Lettre d'expert
"Évaluer séparément les nouveaux traitements de la maladie d'Alzheimer
Une lettre d'experts internationaux cosignée par le neurologue Sebastiaan Engelborghs (UZ Brussel/VUB) demande que les nouveaux traitements contre la maladie d'Alzheimer, tels que le lecanemab et le donanemab, soient évalués séparément dans le cadre du débat sur le remboursement en Belgique. Une interprétation trop large des études existantes pourrait conduire à une image déformée de l'efficacité des médicaments.

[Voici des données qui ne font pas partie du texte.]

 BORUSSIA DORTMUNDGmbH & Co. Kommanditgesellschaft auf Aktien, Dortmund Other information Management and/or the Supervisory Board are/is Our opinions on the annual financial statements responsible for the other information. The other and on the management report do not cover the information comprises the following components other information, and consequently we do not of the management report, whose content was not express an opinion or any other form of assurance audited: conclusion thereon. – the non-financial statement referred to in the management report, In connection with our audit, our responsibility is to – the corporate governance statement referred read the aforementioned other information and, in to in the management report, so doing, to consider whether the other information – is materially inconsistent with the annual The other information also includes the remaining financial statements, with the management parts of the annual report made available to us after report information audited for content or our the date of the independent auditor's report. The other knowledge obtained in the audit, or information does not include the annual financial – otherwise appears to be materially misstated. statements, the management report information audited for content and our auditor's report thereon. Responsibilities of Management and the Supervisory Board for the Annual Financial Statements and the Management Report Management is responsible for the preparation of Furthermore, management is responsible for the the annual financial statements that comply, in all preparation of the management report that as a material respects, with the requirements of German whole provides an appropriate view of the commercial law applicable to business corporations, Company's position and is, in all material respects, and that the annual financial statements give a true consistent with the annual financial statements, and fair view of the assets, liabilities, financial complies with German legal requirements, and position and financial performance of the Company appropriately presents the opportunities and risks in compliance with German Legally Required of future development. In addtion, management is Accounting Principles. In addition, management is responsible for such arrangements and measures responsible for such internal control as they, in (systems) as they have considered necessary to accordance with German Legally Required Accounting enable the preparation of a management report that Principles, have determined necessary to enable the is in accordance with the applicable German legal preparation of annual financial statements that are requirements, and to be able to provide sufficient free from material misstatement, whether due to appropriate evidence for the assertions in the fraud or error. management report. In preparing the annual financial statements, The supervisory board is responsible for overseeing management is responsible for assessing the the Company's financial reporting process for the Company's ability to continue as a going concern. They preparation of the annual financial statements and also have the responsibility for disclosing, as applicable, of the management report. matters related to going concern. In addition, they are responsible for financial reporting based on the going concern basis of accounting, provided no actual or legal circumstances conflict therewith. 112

Une récente revue Cochrane a analysé plusieurs études portant sur les anticorps anti-amyloïdes, comparant des agents expérimentaux plus anciens à des traitements plus récents étudiés chez des patients atteints de la maladie d'Alzheimer à début confirmé biologiquement. La lettre d'experts réagit à cette étude car, selon les auteurs, la méthodologie utilisée ne permet pas d'évaluer correctement les thérapies actuelles.
Preuves pertinentes
Les experts estiment qu'il est préférable de fonder les décisions de remboursement sur le rapport bénéfice-risque des médicaments actuellement disponibles et autorisés, plutôt que sur une "moyenne de classe" générale de ces types de médicaments, qui inclut les médicaments qui n'ont pas donné de bons résultats. "Lorsque nous évaluons des traitements, nous devons partir des données les plus pertinentes. De nouveaux médicaments tels que le lecanemab et le donanemab ont été étudiés chez des patients soigneusement sélectionnés et montrent qu'ils peuvent ralentir la détérioration. Malgré leurs limites, ils peuvent faire une différence significative pour les patients et leurs familles", affirme le professeur Sebastiaan Engelborghs.

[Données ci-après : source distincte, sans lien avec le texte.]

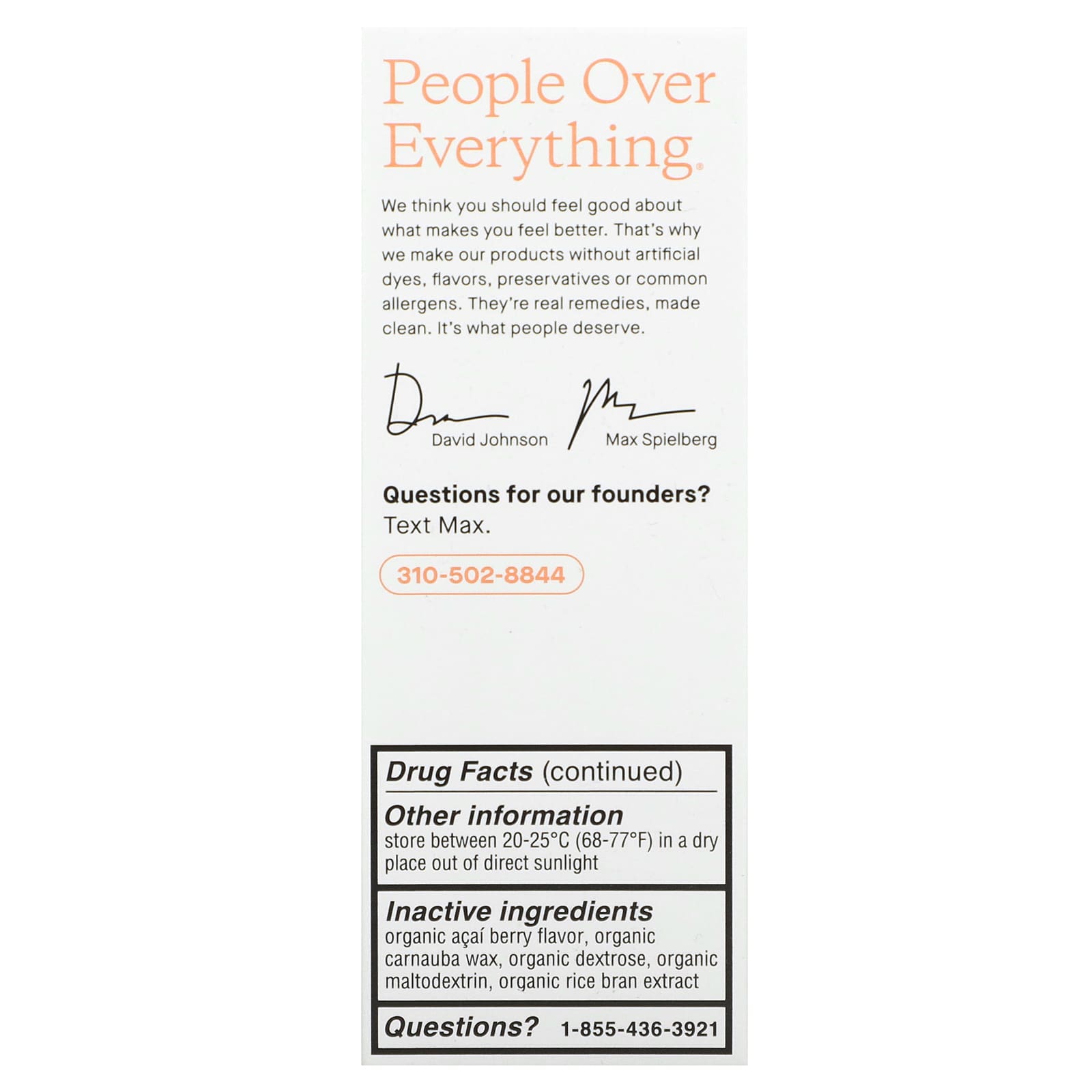 Non-Drowsy Organic Cold & CoughCongestion & MucusRunny Nose & SneezingCough & Sore ThroatUSDA OrganicNon GMO Project VerifiedHomeopathicKnow Your Ingredients Made Without: Common Allergens, Artificial Sweeteners or ParabensCertified B CorporationCertified Gluten-FreeCertified VeganCertified Organic by SCS Global ServicesPeople Over Everything. We think you should feel good about what makes you feel better. That´s why we make our products without artificial dyes, flavors, preservatives or common allergens. They´re real remedies, made clean. It´s what people deserve. Uses*Addresses symptoms associated with the common cold, such as:Chest congestionCoughNasal congestionSore throatRunny noseSneezingOnly Ingredients People DeserveOrganic homeopathic blendOrganic acai berry flavorOrganic carnauba waxOrganic dextroseOrganic maltodextrinOrganic rice bran extractAnd that´s all.

Le moment est important car des discussions sont en cours dans notre pays sur le remboursement éventuel du lecanemab et du donanemab. Les experts belges de la maladie d'Alzheimer ont récemment appelé à un remboursement dans des conditions strictes, uniquement pour des patients soigneusement sélectionnés, atteints d'une maladie d'Alzheimer précoce et confirmée biologiquement, et avec un suivi de sécurité spécialisé.
Ralentir le déclin
Le lécanemab et le donanemab ne guérissent pas la maladie d'Alzheimer, mais des études indiquent qu'ils peuvent ralentir le déclin cognitif chez les personnes aux premiers stades de la maladie. Leur utilisation nécessite une sélection rigoureuse des patients, une confirmation par des biomarqueurs et un suivi par des équipes spécialisées afin de détecter à temps les éventuels effets secondaires, tels que de petites zones de gonflement du cerveau ou de petites hémorragies cérébrales (ARIA), lors d'une IRM cérébrale, avant même qu'ils ne deviennent symptomatiques.

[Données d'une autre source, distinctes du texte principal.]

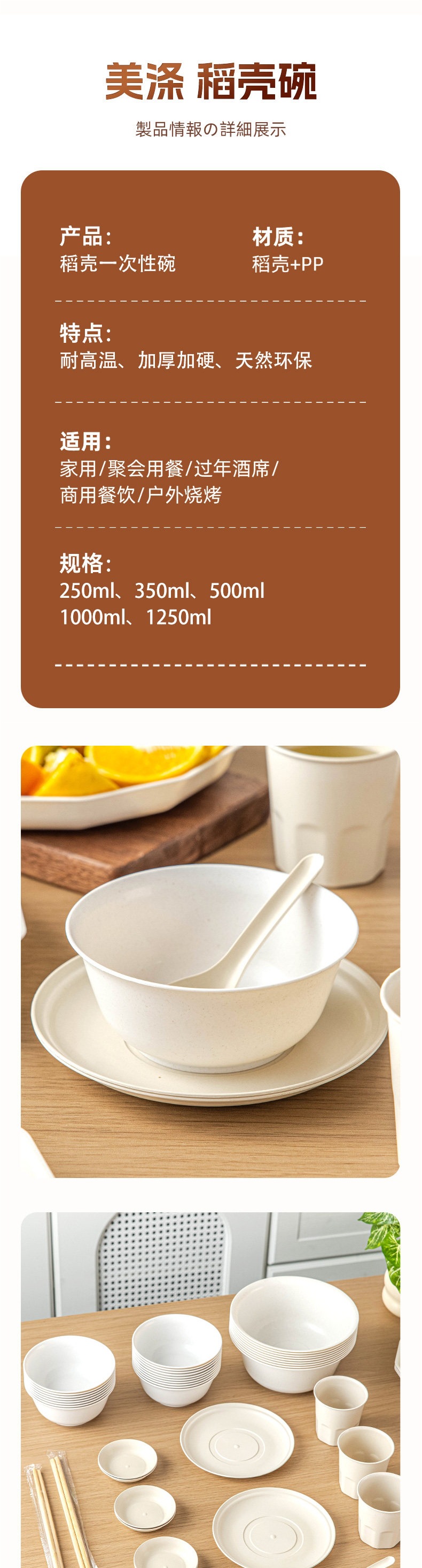 thickened rice husk 1000ml bowl [50 pcs] ###

Les signataires de la lettre sont tous membres du Consortium européen sur la maladie d'Alzheimer (EADC). Outre Sebastiaan Engelborghs, les signataires sont le professeur Kristian Steen Frederiksen (Copenhague) et le professeur Frank Jessen (Cologne). La lettre a été publiée dans le Journal of Prevention of Alzheimer's Disease.